Hacker News

Could we all get bigger FPGAs and load the model onto it using the same technique?

You could [1], but it is not very cheap -- the 32GB development board with the FPGA used in the article used to cost about $16K.

[1] https://arxiv.org/abs/2401.03868

sowbug 6 hours ago [ - ]

FPGAs aren't very power-efficient. You could do it, but the numbers wouldn't add up for anything but prototyping.

fercircularbuf 16 hours ago [ - ]

I thought about this exact question yesterday. Curious to know why we couldn't, if it isn't feasible. Would allow one to upgrade to the next model without fabricating all new hardware.

wmf 16 hours ago [ - ]

FPGAs have really low density so that would be ridiculously inefficient, probably requiring ~100 FPGAs to load the model. You'd be better off with Groq.

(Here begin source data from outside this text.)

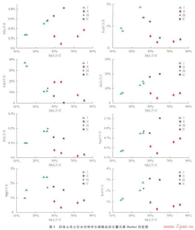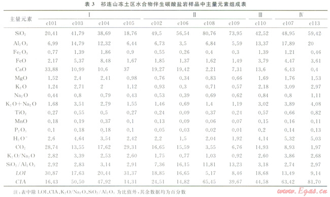 近幾年,在祁連山凍土區(qū)水合物科學(xué)試驗鉆探過程中,觀察到大量與水合物伴生的碳酸鹽礦物,這些伴生碳酸鹽礦物(或部分)是否與水合物存在著某種成因上的聯(lián)系,還不得而知。由于碳酸鹽礦物?;煊兴樾汲练e且難以與碎屑沉積分選開來,筆者以祁連山凍土區(qū)新近發(fā)現(xiàn)的與水合物伴生碳酸鹽礦物及其混雜的碎屑沉積(統(tǒng)稱碳酸鹽巖)為研究對象,從分析伴生碳酸鹽礦物所在沉積巖中主量元素、微量元素、稀土元素等特征入手,探討伴生碳酸鹽礦物可能物質(zhì)來源與沉積條件,試圖揭示不同產(chǎn)狀伴生碳酸鹽巖同水合物的內(nèi)在成因聯(lián)系。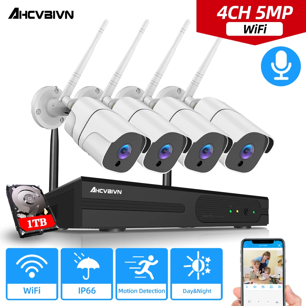 4-канальная беспроводная камера видеонаблюдения с Wi-Fi, домашняя система видеонаблюдения, H.265, сетевой видеорегистратор, 4 шт., 5-мегапиксельная IP цилиндрическая камера видеонаблюдения, комплект видеонаблюдения с Wi-Fi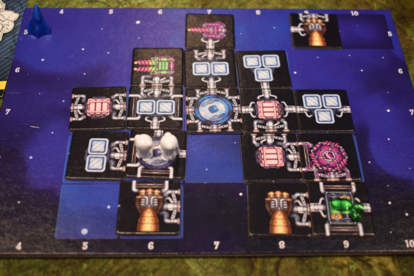 In der Tischmitte liegen viele verschiedene Teile als verdeckte Auslage. In der Bauphase spielt Ihr alle gleichzeitig, nehmt ein Teil, guckt es Euch an und verbaut es in Eurem Raumschiff oder legt es offen wieder zurück. Wichtig ist dabei, dass Ihr immer nur ein Teil gleichzeitig nehmt. Entscheidet Ihr Euch das Teil zu verbauen, müsst Ihr beachten, dass es drei Arten von Anschlüssen gibt: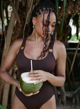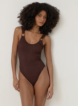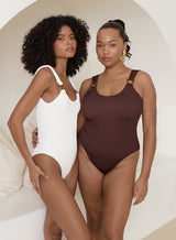 Our Cala swimsuit is a simple design, featuring a crinkle jersey fabric in a classic scoop neck silhouette. With thick straps, this timeless white piece is complimented by a contrasting tortoise shell square buckle detail. Throw on an oversized black shirt and you've got the perfect pool fit.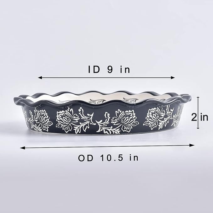 • 【CONVENIENT CLEANING】 Whether you want to clean the pie dish by hand or with your dishwasher, it won't matter because the smooth porcelain texture makes cleanup a breeze. and It is suitable for microwave, freezer and oven.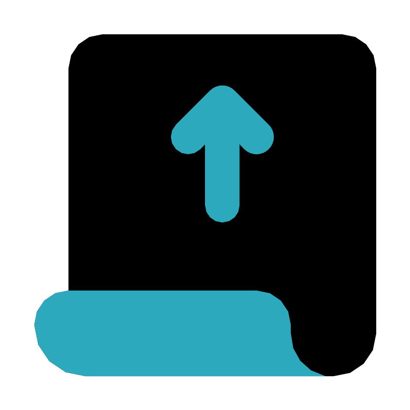<svg fill="#000000" width="800px" height="800px" viewBox="0 0 24 24" id="receipt-up" data-name="Flat Color" xmlns="http://www.w3.org/2000/svg" class="icon flat-color"><path id="primary" d="M20,2H6A2,2,0,0,0,4,4V17H4a2,2,0,0,0-2,2H2a3,3,0,0,0,3,3H19.5A2.5,2.5,0,0,0,22,19.5V4A2,2,0,0,0,20,2Z" style="fill: rgb(0, 0, 0);"></path><path id="secondary" d="M19,22v0H5a3,3,0,0,1-3-3H2a2,2,0,0,1,2-2H15a2,2,0,0,1,2,2v.5A2.52,2.52,0,0,0,19,22ZM15.71,7.29l-2-2a1,1,0,0,0-1.42,0l-2,2a1,1,0,0,0,1.42,1.42l.29-.3V12a1,1,0,0,0,2,0V8.41l.29.3a1,1,0,0,0,1.42,0A1,1,0,0,0,15.71,7.29Z" style="fill: rgb(44, 169, 188);"></path></svg>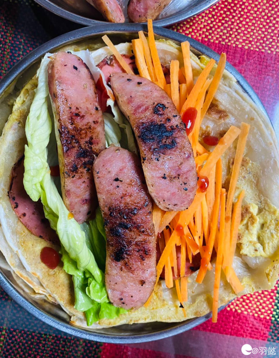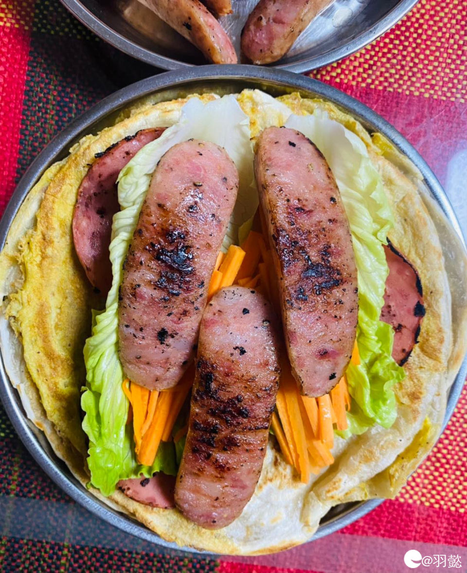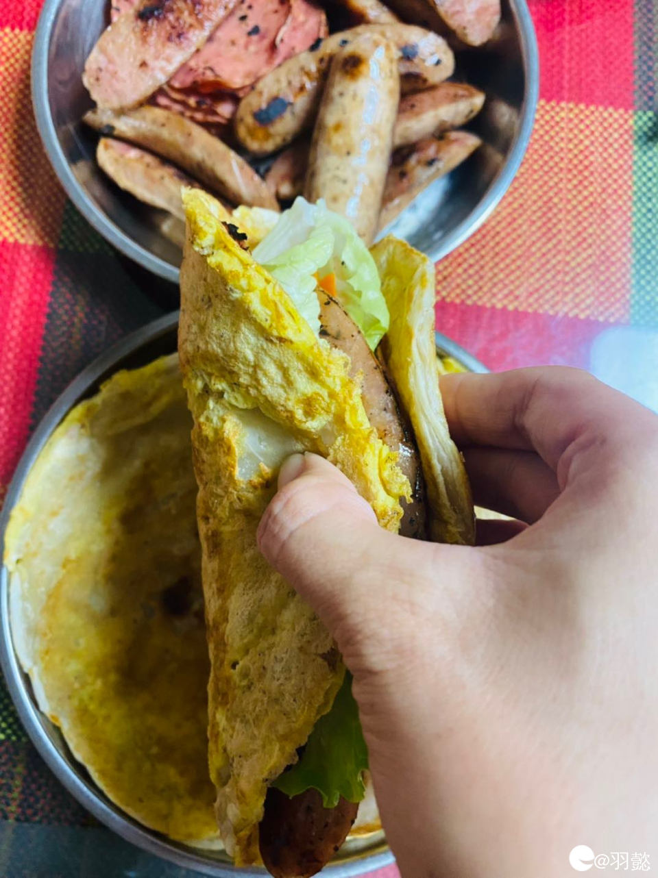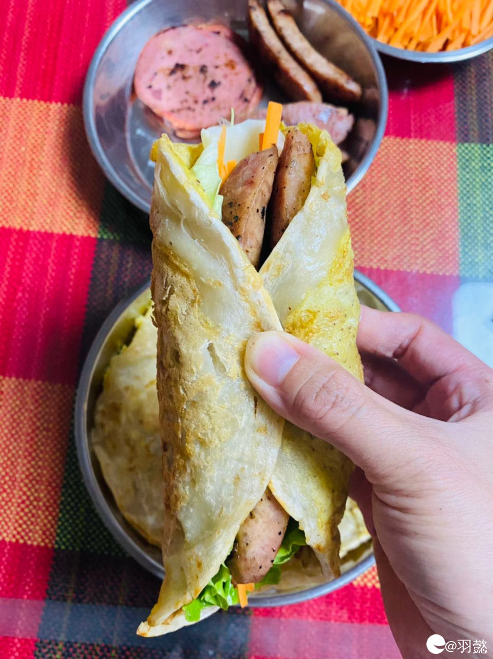 [秀厨艺] 【苏苏】豪华版手抓饼!这个早餐肉多多!

menaerus 16 hours ago [ - ]

Not sure what you're on but I think what you said is incorrect. You can use hi-density HBM-enabled FPGA with (LP)DDR5 with sufficient number of logic elements to implement the inference. Reason why we don't see it in action is most likely in the fact that such FPGAs are insanely expensive and not so available off-the-shelf as the GPUs are.

wmf 6 hours ago [ - ]

Yeah, FPGA+HBM works but it has no advantage over GPU+HBM. If you want to store weights in FPGA LUTs/SRAM for insane speed you're going to need a lot of FPGAs because each one has very little capacity.